For a detailed breakdown of all providers, see our complete AI API free tier comparison.
Common Mistakes to Avoid
After tracking developer experience with Gemini's free tier, these are the mistakes we see most often.
- Confusing AI Studio with Vertex AI. They have different URLs, different authentication, different rate limits, and different billing. Pick one and stick with it.
- Not handling 429 errors. The free tier will rate-limit you. If your code does not have retry logic, requests will silently fail during traffic spikes.
- Sending unnecessarily large prompts. Long system prompts eat into your TPM budget. Keep prompts concise. Use few-shot examples only when they measurably improve output quality.
- Ignoring the data-sharing clause. If you send customer data, PII, or proprietary information through the free tier, Google can use it for training. For production apps with real user data, upgrade to paid or use Vertex AI.
- Using 2.5 Pro when 2.0 Flash would work. The Pro model has a 50 RPD limit on free tier. Most tasks that developers throw at Pro can be handled by Flash with a better prompt. Test with Flash first.
Related Resources
Frequently Asked Questions
Is the Gemini API free to use in 2026?
Yes. Google AI Studio offers a free tier for Gemini models with no credit card required. You get access to Gemini 2.5 Flash, 2.0 Flash, and 1.5 Pro with rate limits of 10-30 requests per minute depending on the model. The free tier is generous enough for prototyping, personal projects, and low-volume production apps.
What are the rate limits on Gemini's free tier?
Gemini 2.5 Flash gets 10 RPM and 250,000 tokens per minute. Gemini 2.0 Flash gets 15 RPM and 1,000,000 tokens per minute. Gemini 2.5 Pro gets only 5 RPM and 50 requests per day. Daily request caps of 1,500 RPD apply for Flash models.
What is the difference between Google AI Studio and Vertex AI?
Google AI Studio is the free, developer-friendly way to access Gemini with an API key. No GCP project needed. Vertex AI is Google Cloud's enterprise ML platform, which requires a GCP project and billing account. Vertex AI offers $300 in free credits for new accounts, higher rate limits, SLAs, and features like grounding with Google Search. For individual developers, AI Studio's free tier is the better starting point.
Does the Gemini free tier include image and video understanding?
Yes. All Gemini models on the free tier support multimodal inputs including images, audio, video, and documents. Multimodal requests count toward the same rate limits as text requests. Token counts for images and video are calculated based on resolution and duration.
When should I upgrade from Gemini's free tier?
Upgrade when you consistently hit rate limits (more than 10-15 RPM), need guaranteed uptime for production apps, want higher throughput for batch processing, or need enterprise features like data residency. Pay-as-you-go starts at $0.075 per 1M input tokens for Gemini 2.0 Flash.
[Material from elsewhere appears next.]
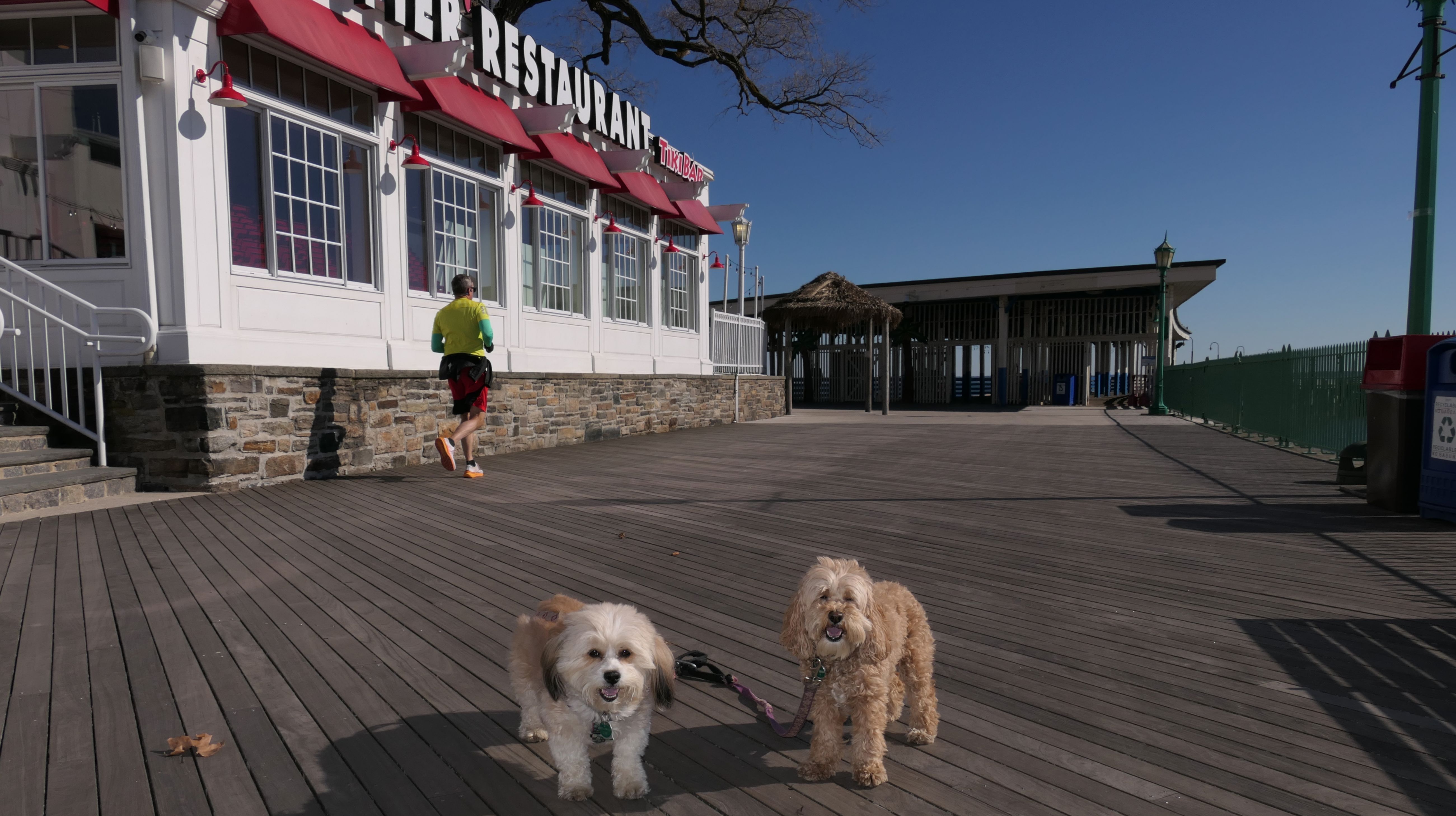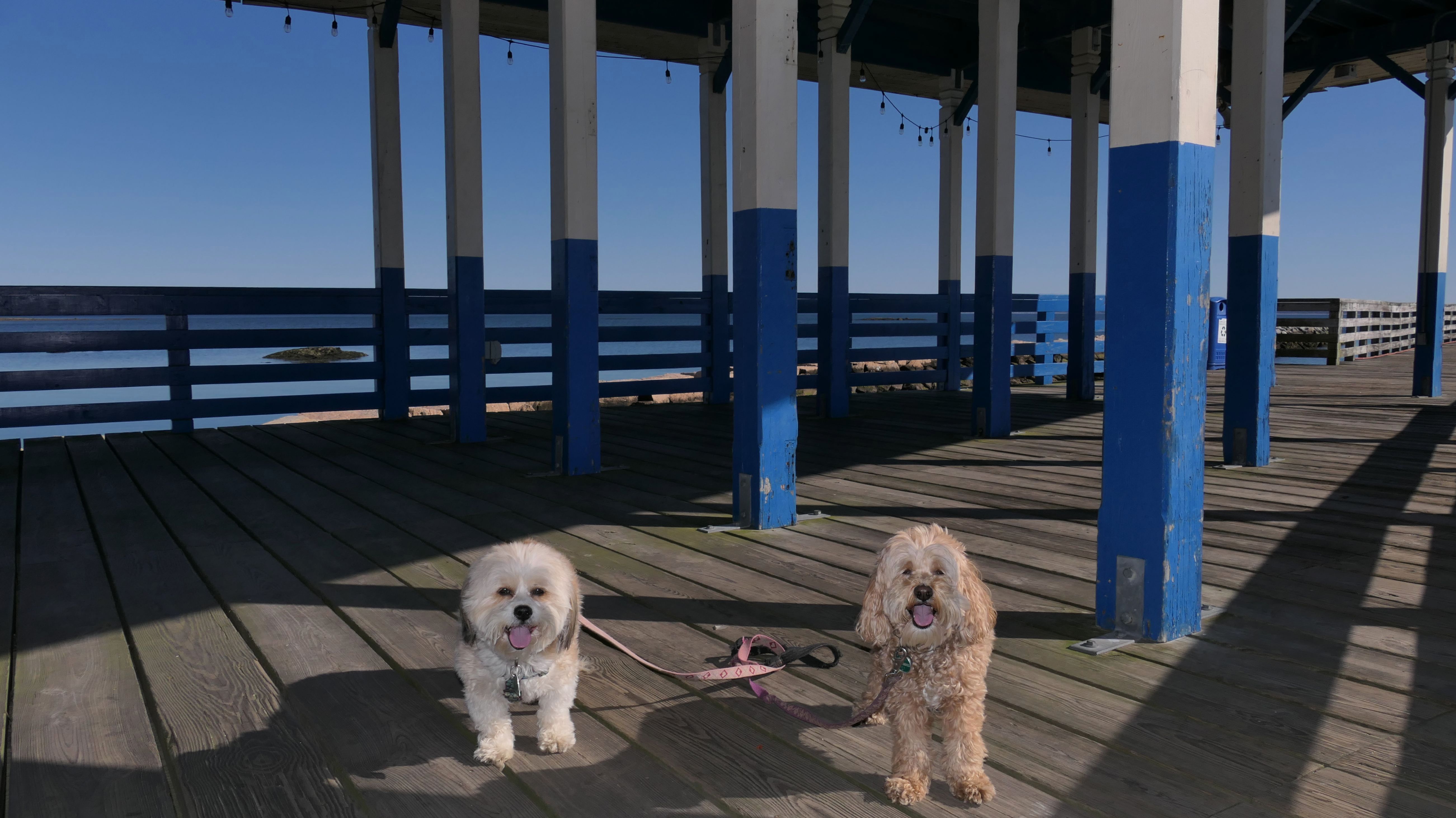 The highlight of the Playland Park in the winter is the beach. The company that runs the park allows the beach the become an off-leash dog park during the off-season. This year, the dates for the dog park are between October 8, 2022 and April 23, 2023. After we walked the boardwalk, and explored the adjacent Rye Town Park, the dogs got to run off-leash on the beach! Mandy and Lexi were sporting some long fur, so despite it being the middle of February, they got hot on the walk. They had no problem cooling off in the water, and had a lot of fun running around the beach as well!

How does Gemini's free tier compare to OpenAI and Anthropic?
Google is the most generous by far. OpenAI gives new accounts $5-$18 in credits that expire after 3 months. Anthropic offers $5 in console credits with no ongoing free tier. Google AI Studio has no expiration and no credit card requirement, making it the only major provider with a true indefinite free API tier.
Can I use the Gemini free tier for commercial applications?
Yes, with a caveat. Google AI Studio's free tier allows commercial use, but Google may use free-tier inputs and outputs to improve its models. If data privacy matters for your application, upgrade to paid or use Vertex AI, which does not use your data for model training.